Segment Start: Data listing
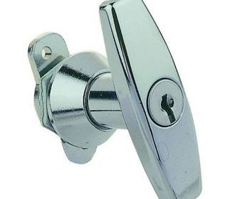 MATERIEL NEUF VISITE POSSIBLE Poignée à clé 1127 chromée avec came1095-755 2 clefs RONIS La poignée verrou Ronis 1127 s'utilise pour les coffrets d'armoires électriques. L
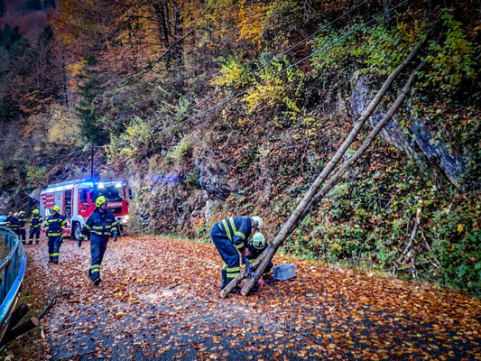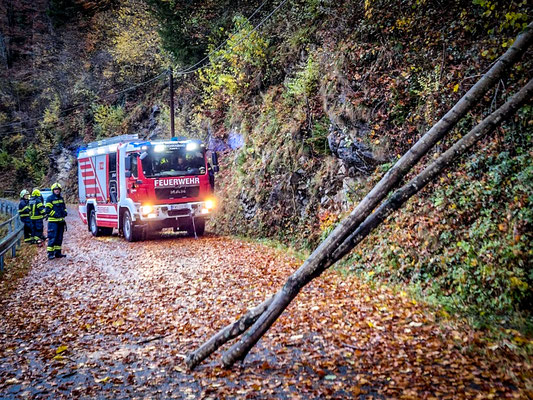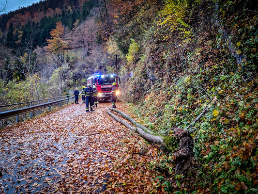 Durch Wind & Regen wurde ein Baum entwurzelt und kam auf der Fahrbahn zum liegen.
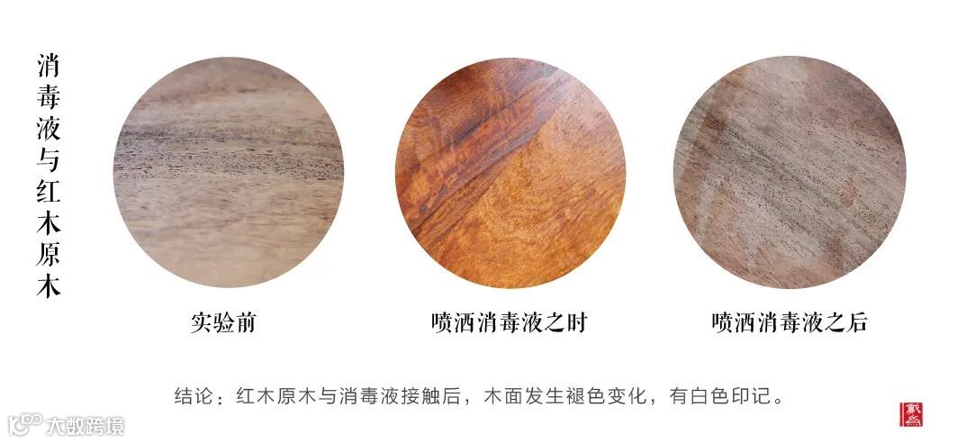 实验描述:我们可以看到,红木原木材质在与消毒液接触后,木面呈现不同程度的褪色变化,晾干后,表面逐渐泛出白色渍迹。
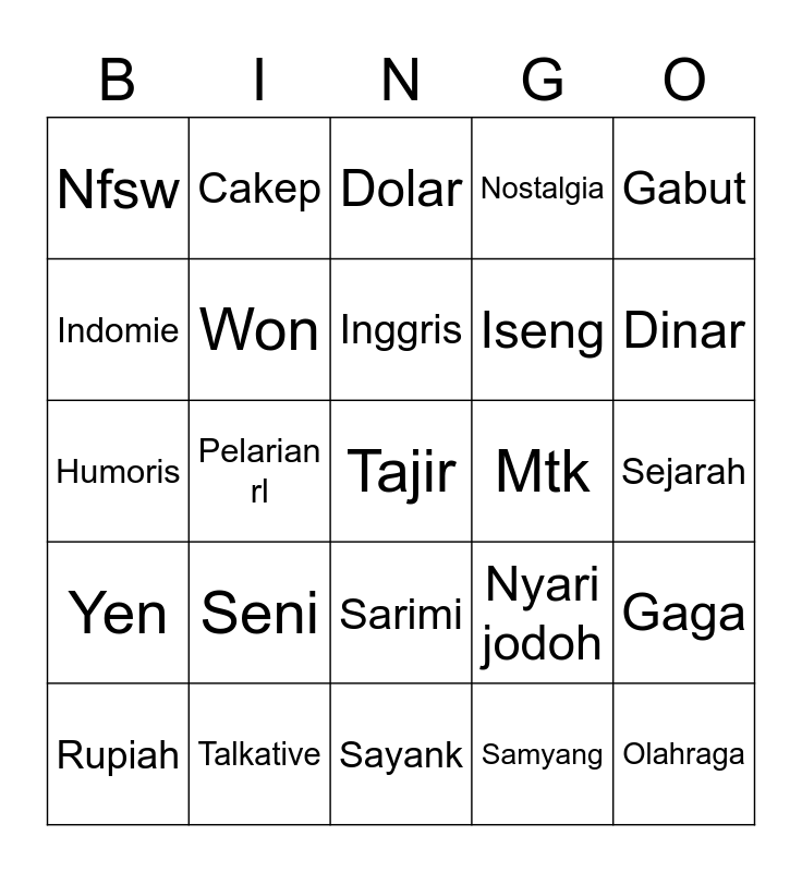 This bingo card has a free space and 24 words: Seni, Talkative, Inggris, Rupiah, Gabut, Nfsw, Indomie, Cakep, Mtk, Sarimi, Iseng, Humoris, Nyari jodoh, Gaga, Won, Samyang, Sejarah, Dolar, Dinar, Pelarian rl, Olahraga, Yen, Nostalgia and Sayank.
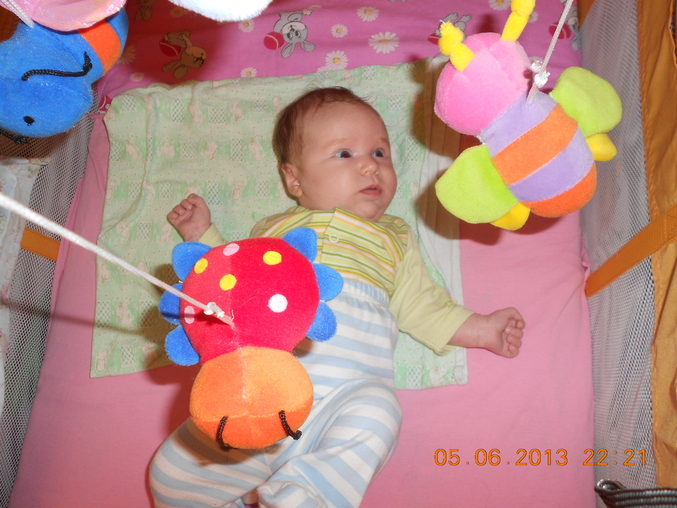 В кроватке играется
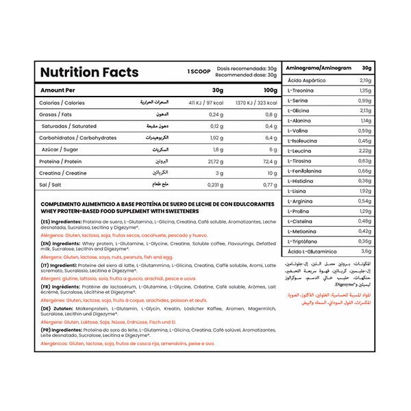 Proteína de suero, L-Glutamina, L-Glicina, Creatina, Café soluble, Aromatizantes, Leche desnatada, Sucralosa, Lecitina y Digezyme®.
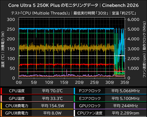 平均CPU温度が90℃を超えるCore Ultra 7 270K PlusのCPU消費電力は平均241.2W(最大290.0W)を記録しており、電力リミットの250Wをほぼ使い切るほど大きなものとなっているが、それでも冷却不足が生じていないので、空冷CPUクーラーであるCPS RT620 PRO BKで十分な冷却ができているといえる結果だ。実際、モニタリングデータの推移グラフでも安定した動作が確認できた。
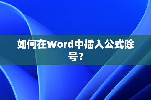 最佳答案1、使用“插入”菜单(1)打开Word文档,将光标放置在需要插入公式的位置。(2)点击“插入”菜单,选择“公式”。(3)在弹出的“公式”库中,找到“分数”或“根号”等公式,点击插入。(4)在公式中,使用“div”或“/”符号插入除号。(5)在除号两边分别输入被除数和除数。2、使用“Alt”键和数字键......
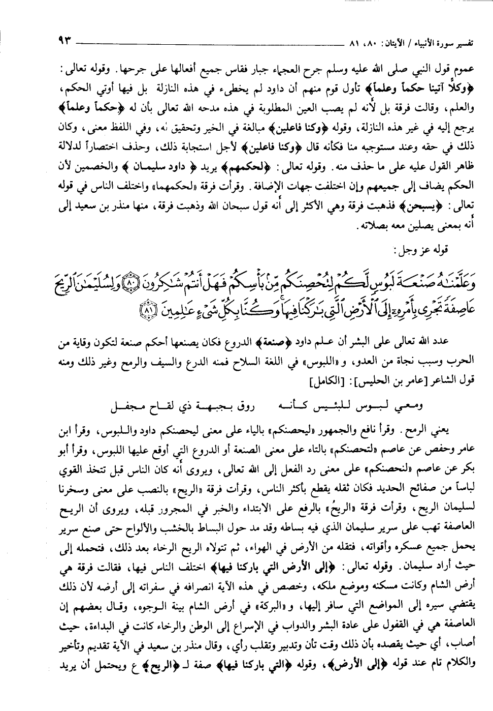 يعني الرمح. وقرأ نافع والجمهور «ليحصنكم» بالياء على معنى ليحصنكم داود واللبوس، وقرأ ابن عامر وحفص عن عاصم «لتحصنكم» بالتاء على معنى الصنعة أو الدروع التي أوقع عليها اللبوس، وقرأ أبو بكر عن عاصم «لنحصنكم» على معنى رد الفعل إلى الله تعالى، ويروى أنه كان الناس قبل تتخذ القوي لباسا من صفائح الحديد فكان ثقله يقطع بأكثر الناس، وقرأت فرقة «الريح» بالنصب على معنى وسخرنا لسليمان الريح، وقرأت فرقة «الريح» بالرفع على الابتداء والخبر في المجرور قبله، ويروى أن الريح العاصفة تهب على سرير سليمان الذي فيه بساطه وقد مد حول البساط بالخشب والألواح حتى صنع سرير يحمل جميع عسكره وأقواته، فتقله من الأرض في الهواء، ثم تتولاه الريح الرخاء بعد ذلك، فتحمله إلى حيث أراد سليمان. وقوله تعالى: إِلى الْأَرْضِ الَّتِي بارَكْنا فِيها اختلف الناس فيها، فقالت فرقة هي أرض الشام وكانت مسكنه وموضع ملكه، وخصص في هذه الآية انصرافه في سفراته إلى أرضه لأن ذلك يقتضي سيره إلى المواضع التي سافر إليها، و «البركة» في أرض الشام بينة الوجوه، وقال بعضهم إن العاصفة هي في القفول على عادة البشر والدواب في الإسراع إلى الوطن والرخاء كانت في البداءة، حيث أصاب، أي حيث يقصده بأن ذلك وقت تأن وتدبير وتقلب رأي، وقال منذر بن سعيد في الآية تقديم وتأخير والكلام تام عند قوله إِلى الْأَرْضِ، وقوله الَّتِي بارَكْنا فِيها صفة ل الرِّيحَ ع ويحتمل أن يريد
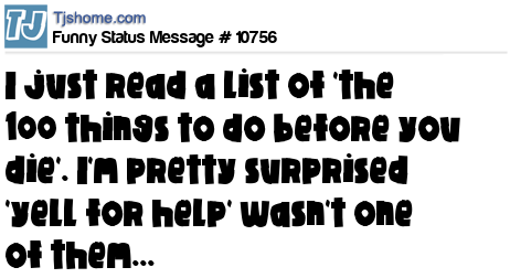 - # 8361 ust read a list of 'the 100 things to do before you die'. I'm pretty surprised 'yell for help' wasn't one of them.
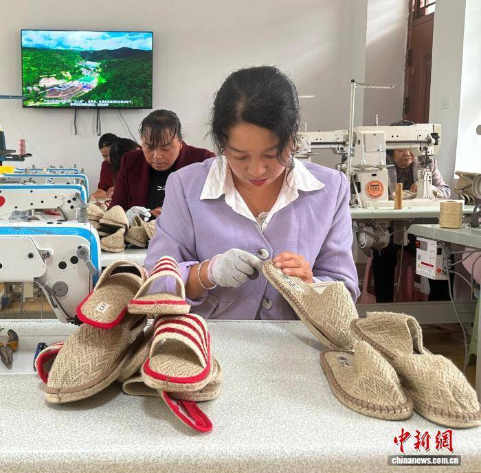 女工赵小琴平日靠做麻鞋贴补家用。她说,做一双麻鞋能挣五块钱,一天下来可以完成十几双。这份计件工作让她在照顾孩子之余,也有了稳定的收入。她对现在的生活,满意极了。
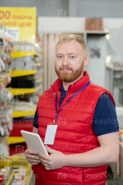 Уверенный в себе мужской менеджер по продажам, держащий планшет
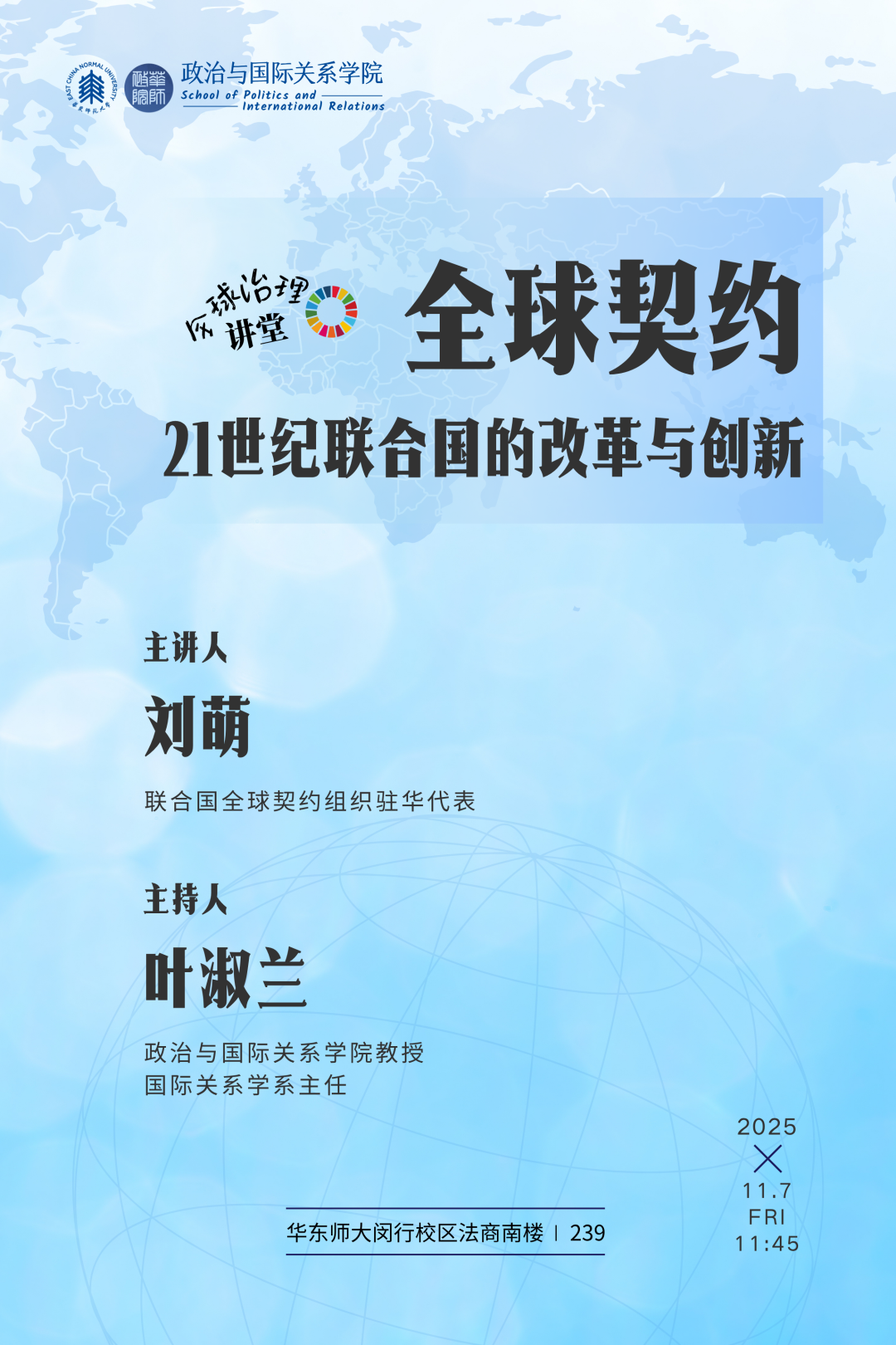 【预告】全球治理讲堂|刘萌:全球契约——21世纪联合国的改革与创新 华东师大政院 华东师大政治与国际关系学院
Segment End: Data listing
**What is being asked:** Once the line with "Durch Wind &" is found above, transcribe each line from it through the line with "В кроватке играется", exactly, and omit the pictures.

**Completed task:**
 Durch Wind & Regen wurde ein Baum entwurzelt und kam auf der Fahrbahn zum liegen.
 实验描述:我们可以看到,红木原木材质在与消毒液接触后,木面呈现不同程度的褪色变化,晾干后,表面逐渐泛出白色渍迹。
 This bingo card has a free space and 24 words: Seni, Talkative, Inggris, Rupiah, Gabut, Nfsw, Indomie, Cakep, Mtk, Sarimi, Iseng, Humoris, Nyari jodoh, Gaga, Won, Samyang, Sejarah, Dolar, Dinar, Pelarian rl, Olahraga, Yen, Nostalgia and Sayank.
 В кроватке играется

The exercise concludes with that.